Pakistani president leaves for China to promote economic ties
President Asif Ali Zardari Friday left for China on his second official visit since assuming office last year to promote economic cooperation and seek Chinese assistance to meet energy crises faced by the country, dpa reported.
"The focus of the President's visit is promoting cooperation in the fields of agriculture and hydro-power projects as well as financial sector," Pakistan Foreign Ministry's spokesperson Abdul Basit said.
He said several Memoranda of Understanding (MoUs) and agreements, including FTA on Trade and Services will be signed during the four- day Zardari's four-day visit in Beijing. He would also travel to Hubei province and Shanghai city - the industrial hubs of China.

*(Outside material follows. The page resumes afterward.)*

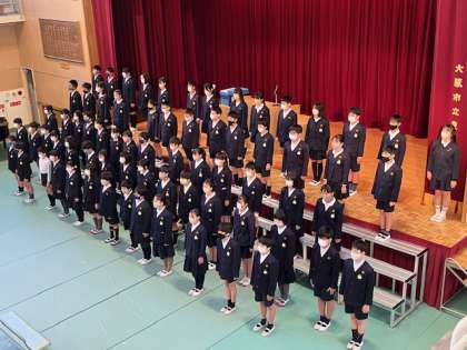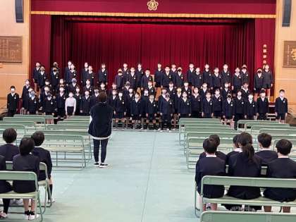 明日は卒業式の予行です。今日は6年生と在校生代表として参列する5年生が一緒に練習しました。

In Wuhan, the capital of Hubei, Zardari will attend a China- Pakistan agriculture and water resources forum, while in Yichang he will see the Three Gorges Dam Project, the biggest hydropower facility in the world.
Zardari will also visit Shanghai city to interact with Chairman/CEOs of leading Chinese banks and financial institutions to discuss ways to enhance investment in Pakistan, according to the official statement.
China is Pakistan's time-tested friend and a major trade partner.
According to official figures, annual trade between the two countries has already surpassed 7 billion dollars, and the two sides are aiming to increase that to 15 billion dollars by 2011.
China is also the biggest weapons supplier to Pakistan and the two countries have jointly developed the JF-17 Thunderjet fighter and K-8 jet trainer aircraft
During Zardari's last visit in October, China agreed to help Pakistan to build two more nuclear power reactors that will increase country's electricity production by 680 megawatts.
Both plants are expected to be built at Chashma, about 300 kilometers south-west of Islamabad, in eastern province of Punjab, where China has already installed a 325-megawatt reactor and is currently working on another with the same capacity that is expected to begin producing in 2011.